Suzuki K T, Yamamoto K, Ogra Y, Kanno S, Aoki Y
Faculty of Pharmaceutical Sciences, Chiba University, Japan.
J Inorg Biochem. 1994 May 15;54(3):157-65. doi: 10.1016/0162-0134(94)80010-3.
Mechanisms for removal of copper (Cu) from metallothionein (MT) by tetrathiomolybdate (TTM) were examined in vivo and in vitro using the LEC rat, which accumulates Cu as MT owing to the hereditary disorder of this strain. In our previous experiment, repeated intraperitoneal injections of TTM were shown to remove approximately two-thirds of the Cu from the liver, and the Cu remaining in the liver changed from soluble MT-bound forms to nonsoluble unidentified forms.
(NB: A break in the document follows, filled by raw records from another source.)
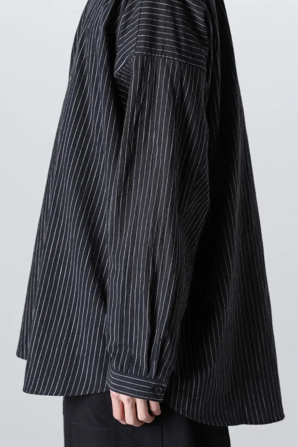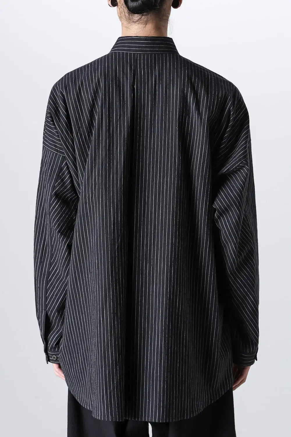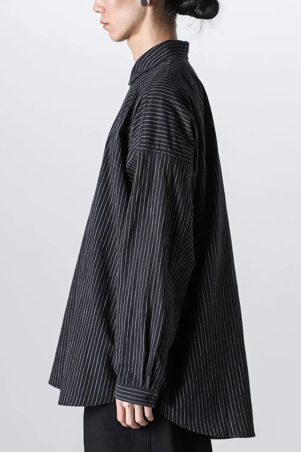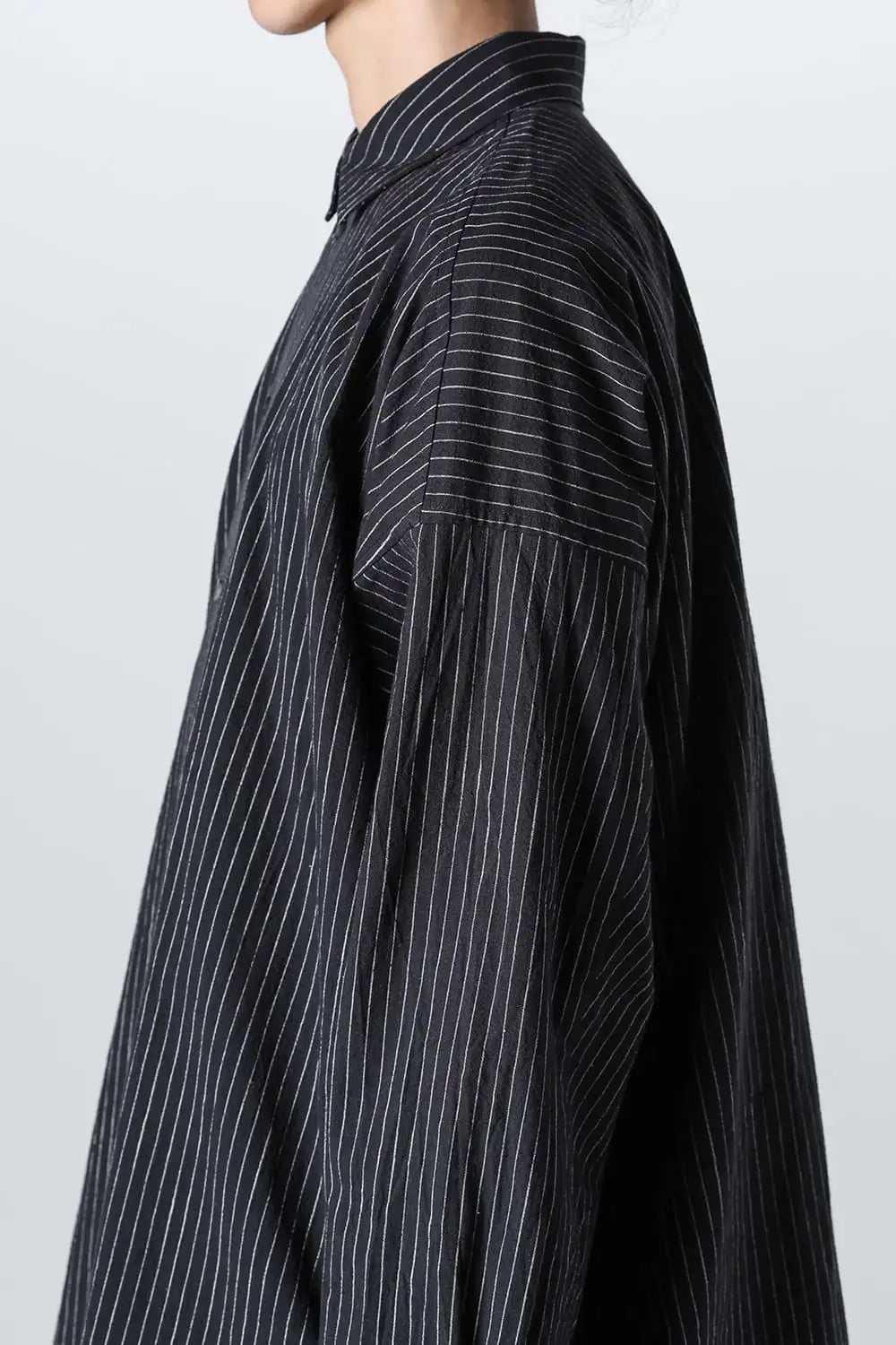 オーバーサイズのシンプルなロングスリーブシャツ。 着ていて楽なルーズシルエット、清涼感のあるドライタッチなコットン。 後ろ下りのシルエットや背中のプリーツの作り方、袖口がパススリーブ風になっていたりと、ところどころにらしいギミックが用いられています。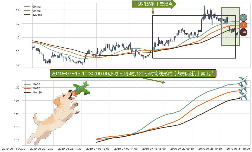 ⚀ 2019-06-28 13:00:00小时-2019-07-30 15:00:00小时显现 60小时-90小时-120小时均线 【战机起航】卖出点 看空信号,后市看跌,卖出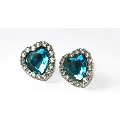 Visací náušnice Srdce oceánu jsou inspirované náhrdelníkem z filmu Titanic. Kámen je napodobenina smaragdu, tmavé tyrkysové (zelenomodré oceánové) barvy. Materiálem je bižuterní kov zlaté barvy, velikost přívěsku je 1,4 cm dodávka zahrnuje 1pár visacích náušnic...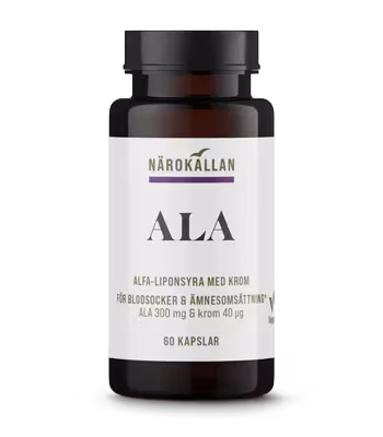 Närokällan ALA innehåller 300 mg ALA (alfa-liponsyra) samt 40 mcg krom per kapsel. Ursprungligen upptäcktes alfa-liponsyra på 1950-talet och har sedan dess stud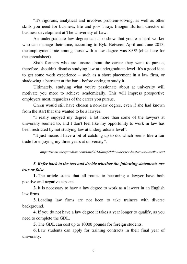 Аннотация:Содержит материалы, обеспечивающие комплексное овладение лингвистическими социолингвистическим, прагматическими и профессиональными коммуникативными компетенциями необходимых в сфере профессиональной деятельности юриста. Предназначено для организации образовательного процесса по программам бакалавриата 0.03.01 «Юриспруденция» (профиль 40.03.01.31 «Международное и иностранное право»).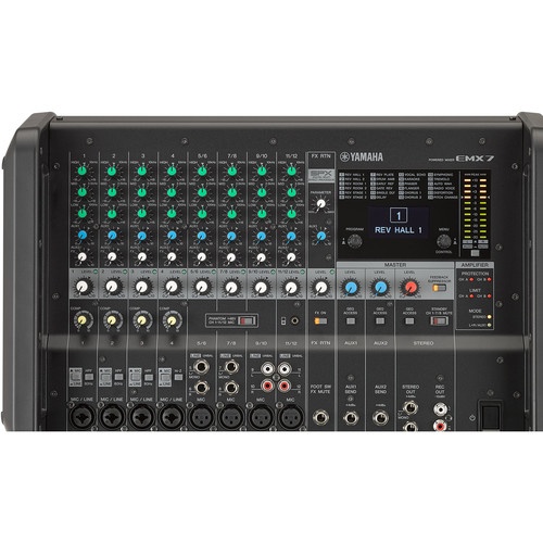 The Yamaha EMX7 is a 12-input powered mixer with an integrated 1420W amplifier, eight mic/line inputs, four stereo line inputs, and two Aux sends. The mixer features a Hi-Z guitar input on channel four and each channel offers a 3-band EQ for custom tailoring your sound. Channels 1-4 offer XLR-1/4" combo jacks. Channels 5 through 12 provide mono XLR inputs, with channels 5-8 offering 1/4" inputs and 9-12 offering an additional set of stereo RCA inputs. Channels 11/12 also include an 1/8" stereo mini-jack for connecting portable music players.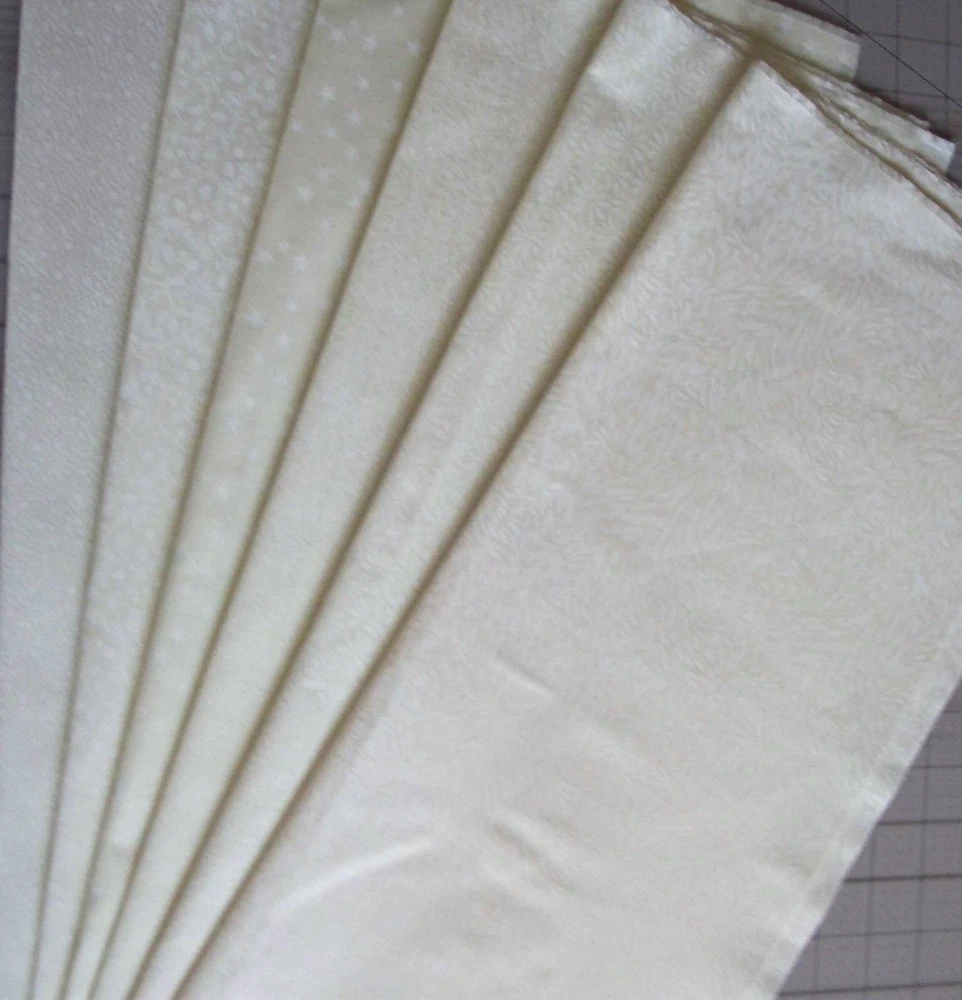 6 Neutral Cream Tonal Fat Quarters Bundle tone on tone Fabric Condition : New Brand: MDG Fabrics fat quarter size: 18 inches by 21/22 inches Tot al number of fat quarters in bundle: 6 Fiber: 100% Cotton Not suitable for Children's Sleepwear Colors can vary from one monitor to another. Care: Precut fabrics should not be machine laundered prior to use. This listing is for a bundle of 6 P re Cut Cotton fat quarters in a white on neutral cream tone on tone colorway. With this listing you will receive one fat quarter of each fabric pictured. Fabrics are from MDG Fabrics. A Fat quarter measures approximately 21/22 inches by 18 inches. They are wonderful to collect for quilting and craft projects where you need a small amount of fabric. Fabric is new and lovingly stored smoke free home. 100% cotton Q-497 When purchasing multiple items..please use the shopping cart commit to your purchases then request combined invoice I can not combine shipping for the best price after separate payments are made. I want to personally thank you for shopping Morningdovesnest! International customers: * Import duties, taxes and charges are not included in the item price or shipping charges. These charges are the buyer’s responsibility. * Please check with your country’s customs office to determine what these additional costs will be prior to bidding/buying.” “ We do not mark merchandise values below value or mark items as ‘gifts’ - US and International government regulations prohibit such behavior.”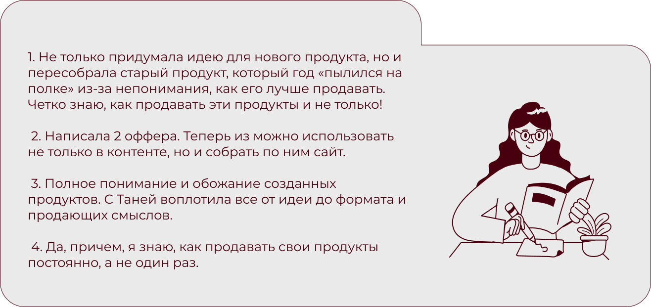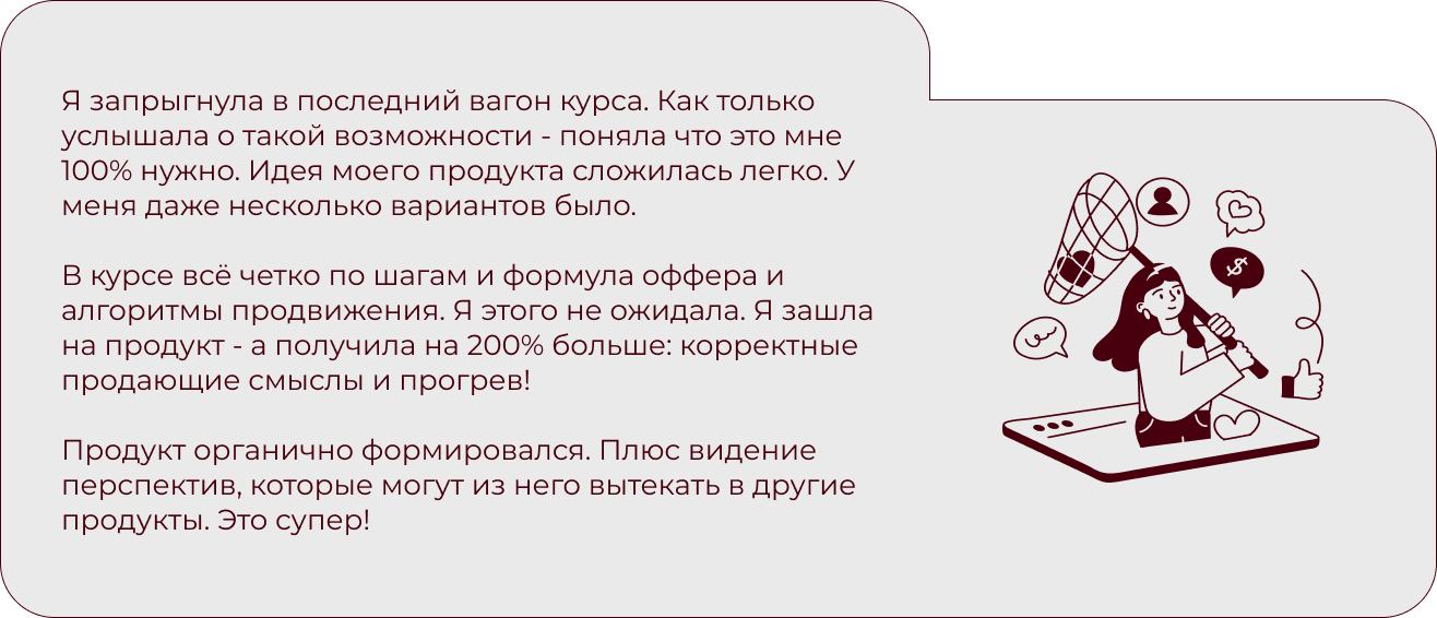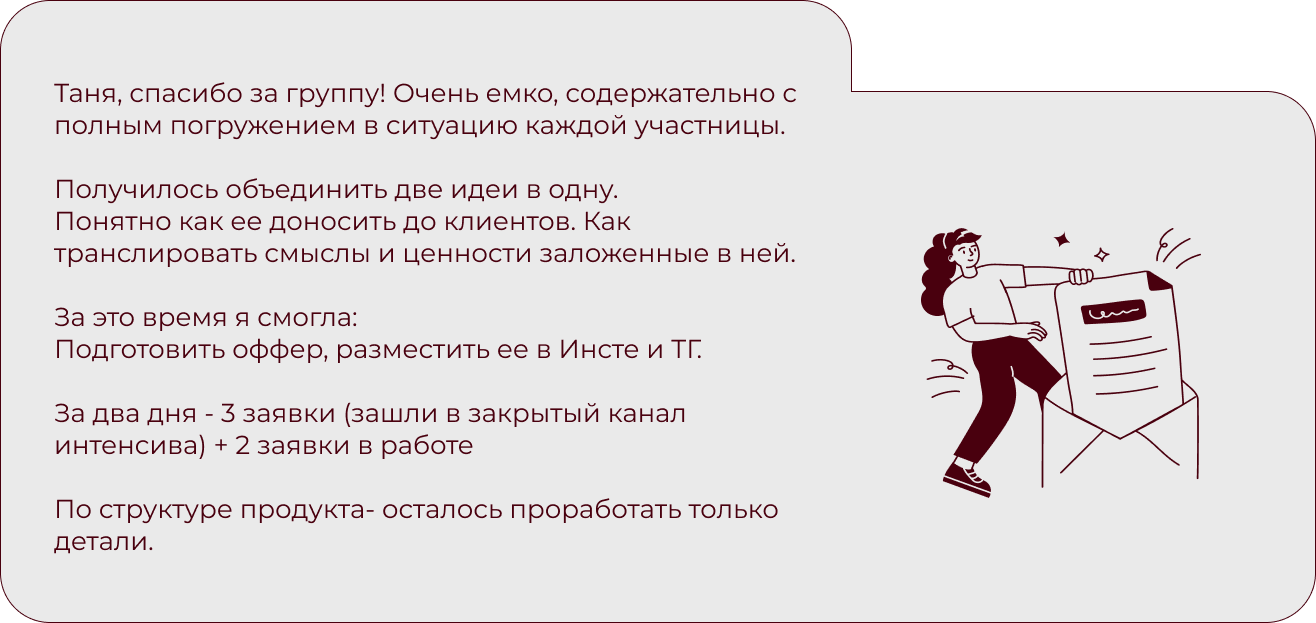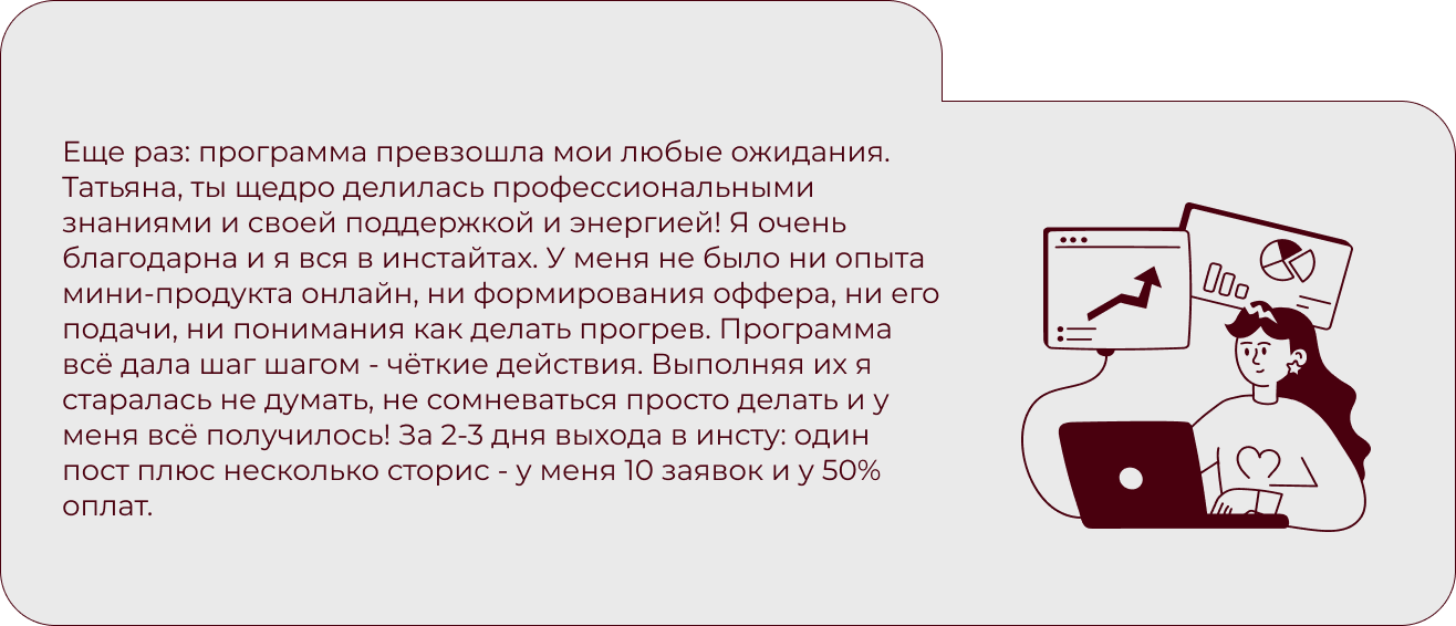 Экспертам, наставникам и помогающим практикам, которые хотят зарабатывать честные деньги в онлайн: с понятными программами своих продуктов, кейсами и уверенностью, что все получится

The present single intravenous injection of TTM changed only part of the distribution in the soluble fraction, and dimeric MT was assumed to be formed. The liver supernatant was treated in vitro with high and low doses of TTM. The former treatment removed all Cu bound to MT and the Cu distributed to high molecular weight proteins, while the latter treatment produced dimeric MT. The results indicate that Cu accumulated as MT can be removed differently by TTM according to its relative dose both in vivo and in vitro. Excess TTM removes Cu completely from MT, leaving apothionein, while lesser TTM than Cu removes Cu incompletely, leaving MT with unoccupied sulfhydryl groups which coordinate with Cu intermolecularly to form dimeric and polymeric MT through the -S-Cu-S- bridge.